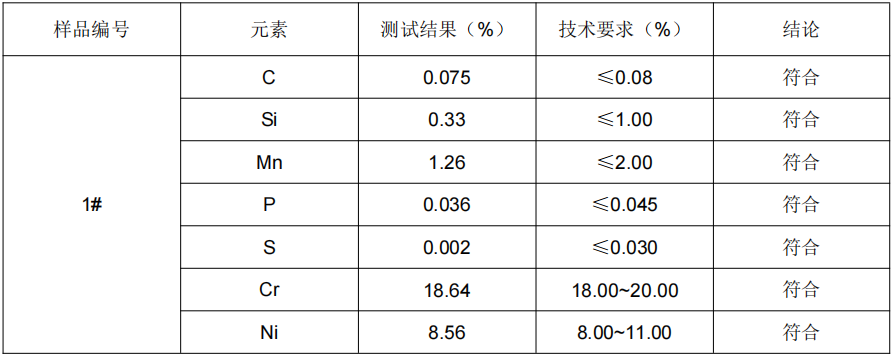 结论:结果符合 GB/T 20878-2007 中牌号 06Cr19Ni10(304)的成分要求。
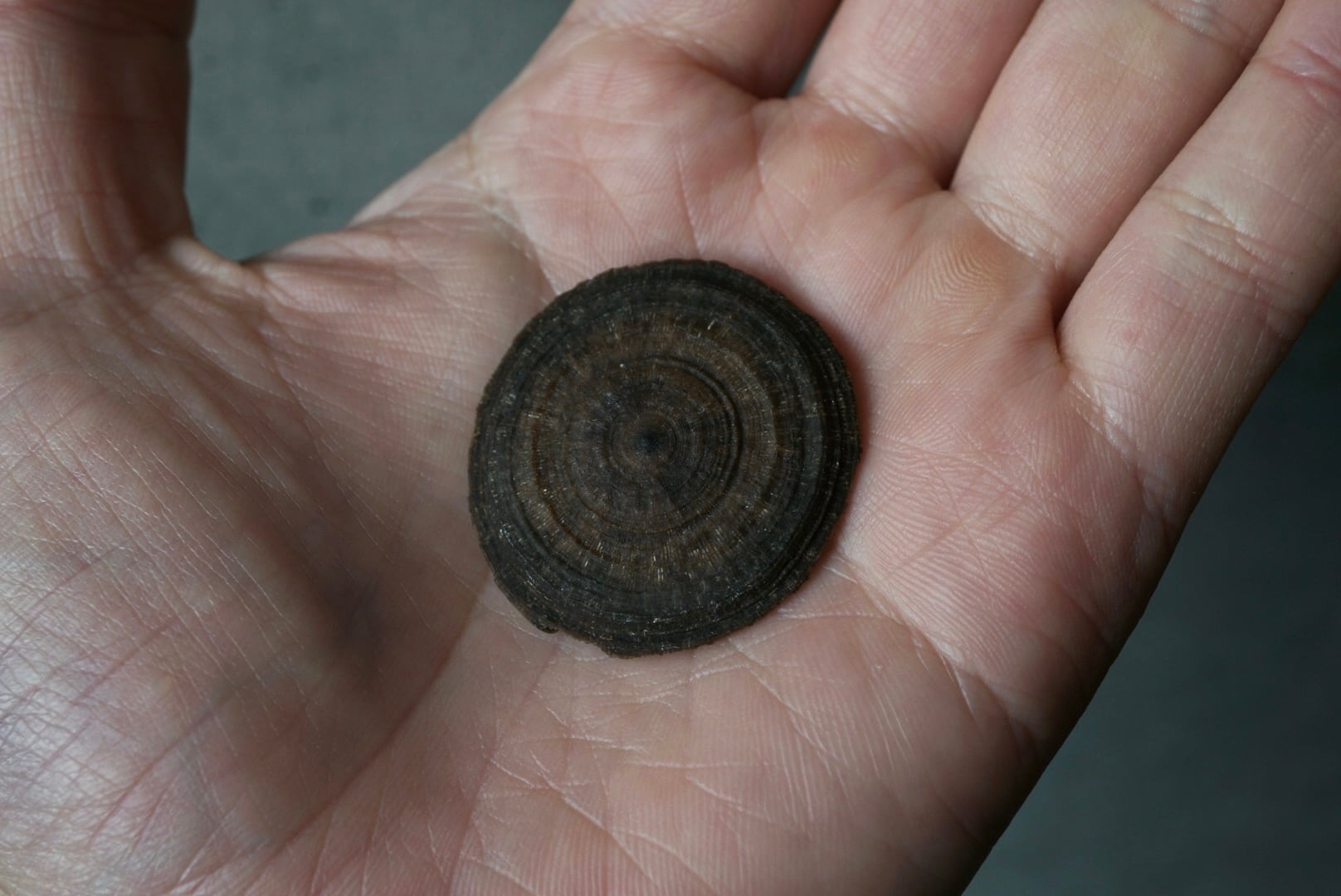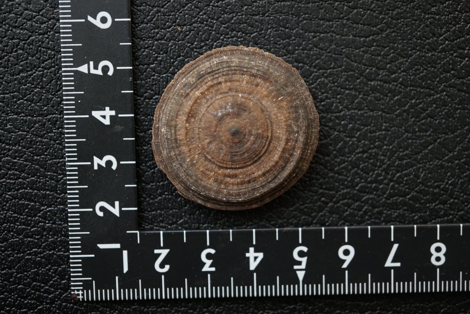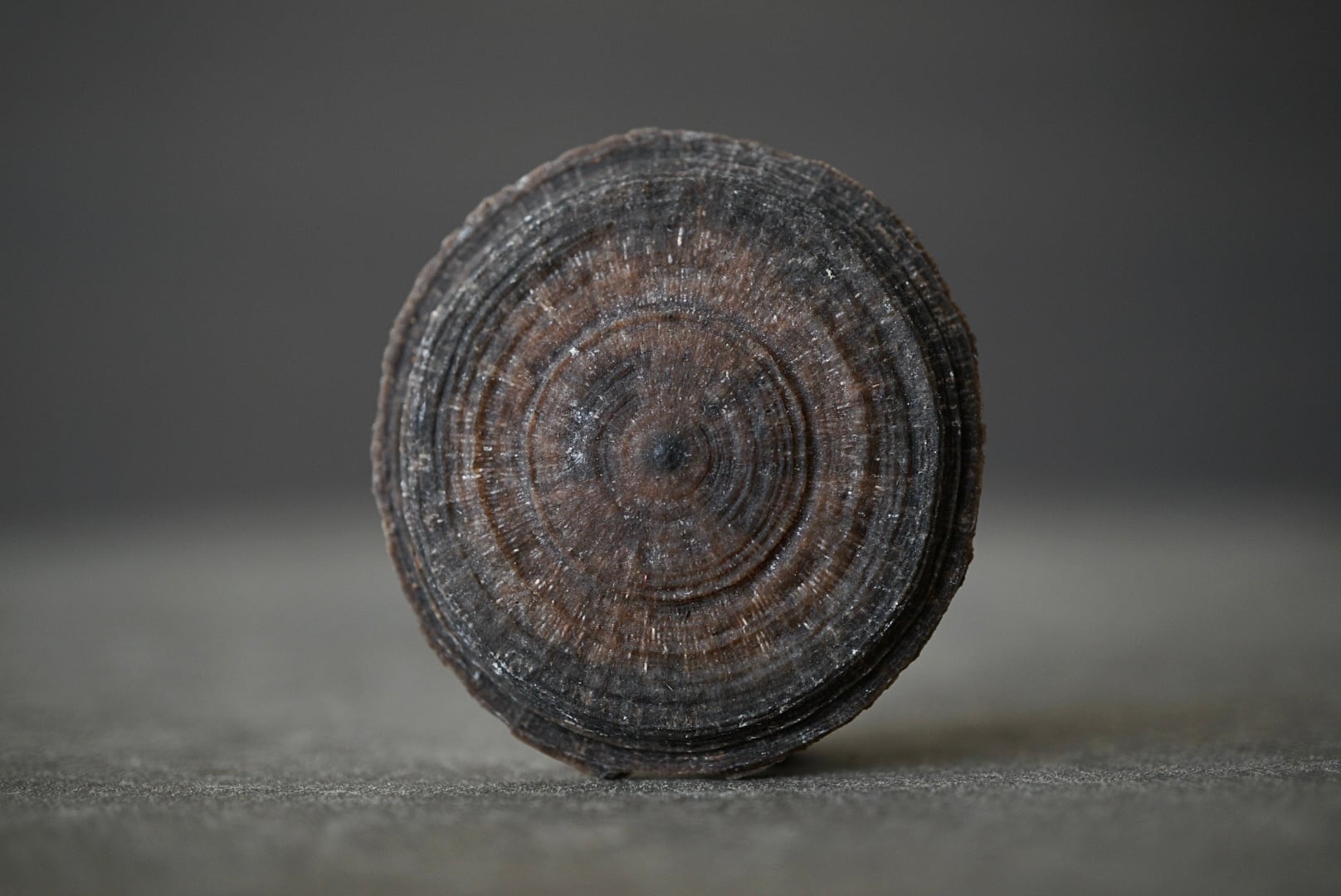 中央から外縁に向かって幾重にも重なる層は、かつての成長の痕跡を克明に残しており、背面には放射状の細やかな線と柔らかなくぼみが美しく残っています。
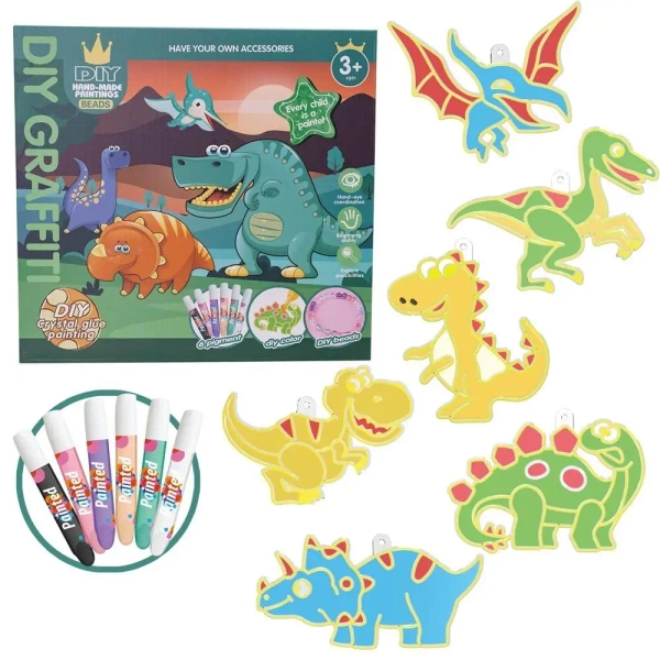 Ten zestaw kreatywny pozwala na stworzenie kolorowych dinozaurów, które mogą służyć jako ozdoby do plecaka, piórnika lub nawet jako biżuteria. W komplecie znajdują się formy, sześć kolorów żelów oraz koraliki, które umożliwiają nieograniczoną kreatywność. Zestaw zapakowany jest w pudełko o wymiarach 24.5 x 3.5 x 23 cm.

____________

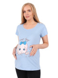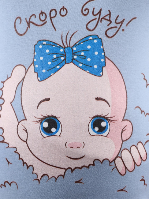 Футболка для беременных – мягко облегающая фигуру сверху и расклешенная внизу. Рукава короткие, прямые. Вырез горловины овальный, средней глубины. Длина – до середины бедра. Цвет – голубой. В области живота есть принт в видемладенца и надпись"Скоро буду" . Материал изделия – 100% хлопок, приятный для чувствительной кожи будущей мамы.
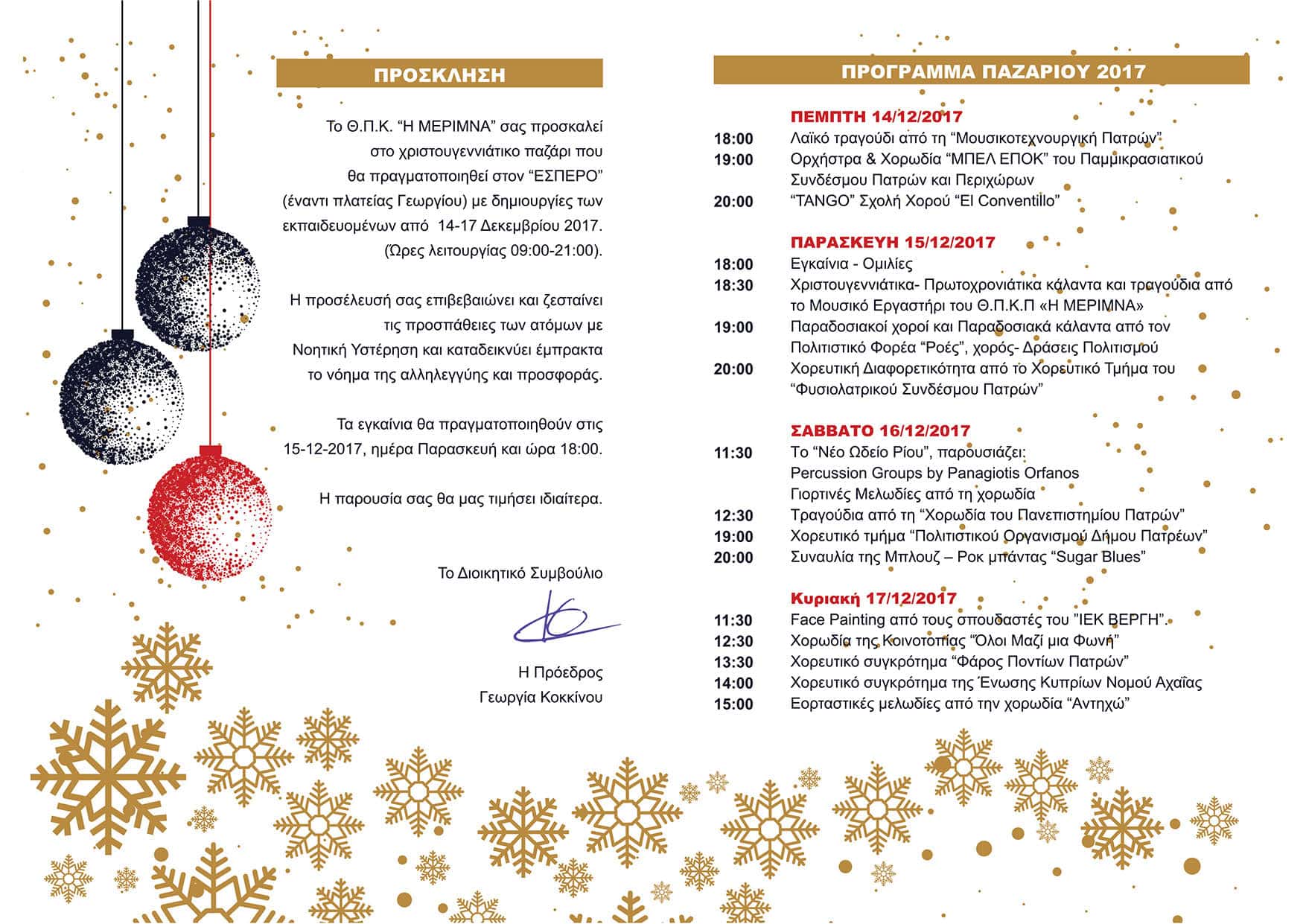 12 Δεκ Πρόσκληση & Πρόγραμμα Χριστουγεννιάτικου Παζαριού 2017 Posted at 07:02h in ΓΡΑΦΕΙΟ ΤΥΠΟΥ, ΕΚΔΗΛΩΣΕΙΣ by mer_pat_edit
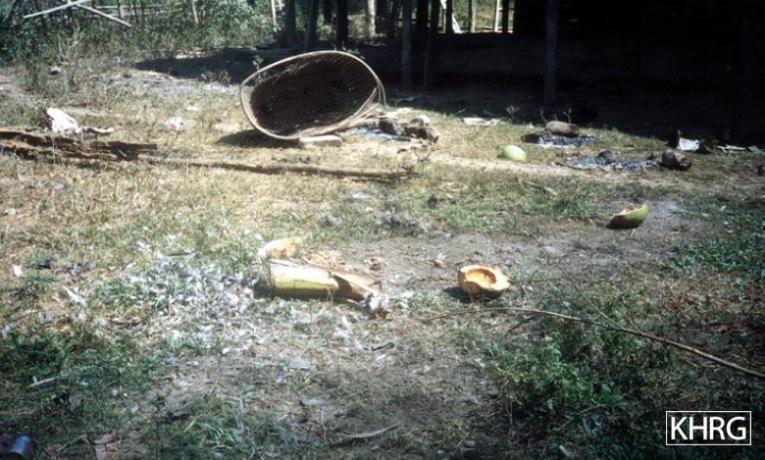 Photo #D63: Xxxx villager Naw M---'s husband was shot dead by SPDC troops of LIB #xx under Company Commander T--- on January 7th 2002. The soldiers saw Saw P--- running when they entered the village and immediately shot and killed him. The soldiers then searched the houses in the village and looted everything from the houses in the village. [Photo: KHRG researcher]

____________

- _ASSIGNED TASK_: Nothing but the lines from the one containing "Футболка для беременных" through the one containing "Photo #D63: Xxxx" should appear, copied exactly from the material above and without pictures.

- _REPLY TO THE TASK_:
 Футболка для беременных – мягко облегающая фигуру сверху и расклешенная внизу. Рукава короткие, прямые. Вырез горловины овальный, средней глубины. Длина – до середины бедра. Цвет – голубой. В области живота есть принт в видемладенца и надпись"Скоро буду" . Материал изделия – 100% хлопок, приятный для чувствительной кожи будущей мамы.
 12 Δεκ Πρόσκληση & Πρόγραμμα Χριστουγεννιάτικου Παζαριού 2017 Posted at 07:02h in ΓΡΑΦΕΙΟ ΤΥΠΟΥ, ΕΚΔΗΛΩΣΕΙΣ by mer_pat_edit
 Photo #D63: Xxxx villager Naw M---'s husband was shot dead by SPDC troops of LIB #xx under Company Commander T--- on January 7th 2002. The soldiers saw Saw P--- running when they entered the village and immediately shot and killed him. The soldiers then searched the houses in the village and looted everything from the houses in the village. [Photo: KHRG researcher]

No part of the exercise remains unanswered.